That "material and psychological security" is no joke. The first thing I did when we heard the news of layoffs was start franticly checking and tallying my bank accounts . As crappy as it was to go through layoffs in the workplace again, I was less terrified because I knew financially I would be OK.

The basic guideline of any kind of emergency fund is to have at least three months, preferably six months, worth of living expenses in a high interest savings account that you can easily access.

I have deliberately chosen to build investments at the same time as an emergency fund, so I have a little less than three months in cash savings, but I'm working towards it every pay cycle.

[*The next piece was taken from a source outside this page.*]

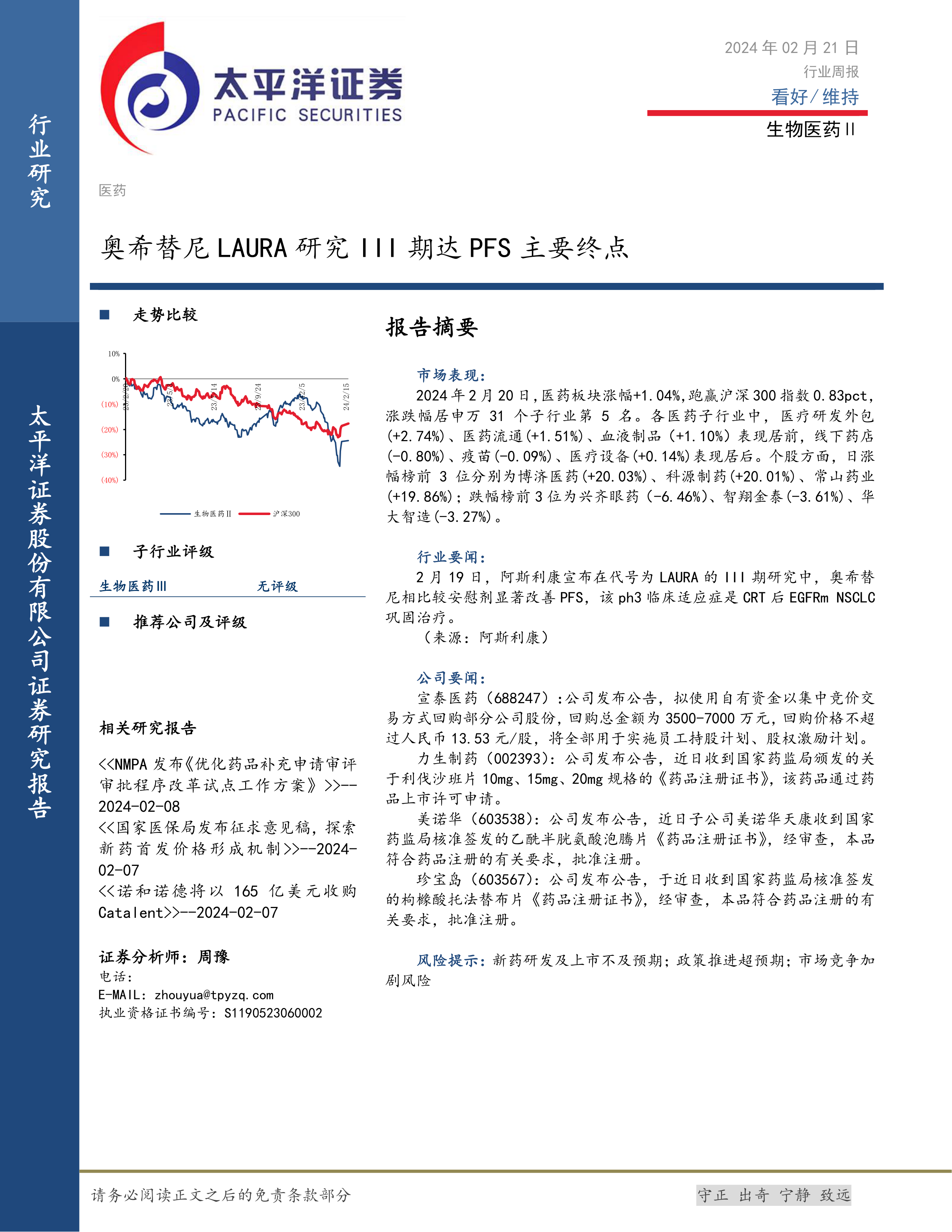 本报告基于2024年2月21日的数据,对生物医药行业进行了分析。奥希替尼LAURA III期临床试验的成功为行业发展注入强心剂。行业整体表现良好,但子行业和个股表现分化明显,部分公司业绩突出,部分公司表现相对滞后。 报告中提到的行业政策变化和公司新闻也为投资者提供了重要的参考信息。 然而,报告内容较为简略,缺乏更深入的数据分析和对未来趋势的预测,建议投资者结合其他信息来源进行综合判断,谨慎投资。
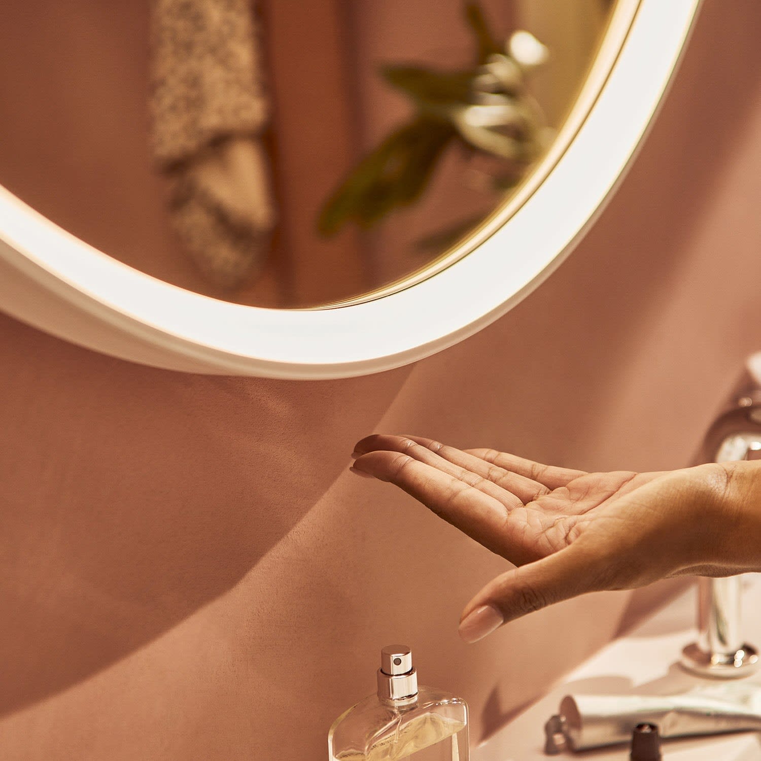 hansgrohe Xarita S Badspiegel Ø 70 cm mit Infrarot-Sensor in mattweiß

I then also have a similar amount in investments — because I want to actively grow that money, but there's a clear downside in that. You don't want to have to sell your shares at a time when you're desperate, because that might not be when the market is going well.

For me, the mix of cash I can easily access, shares I can sell if needed (but would prefer not to) and other investments that I can't instantly access but are growing slowly in the background meant one less thing to worry about in a stressful period.

And weirdly in the last week, my stocks have been rising like crazy. My weed stocks Cronos are now up 172%, which.... feels bonkers and unsustainable, but nice. I keep wondering when I will sell some of them so that I can make a little bit and diversify more, because I want this layoff fund to grow and grow. Currently I'm up 47% overall, in one year.

Again, definitely not sustainable and surely going to head down again soon but a little bit of unpredictability feels just like my career, so I'm OK with that.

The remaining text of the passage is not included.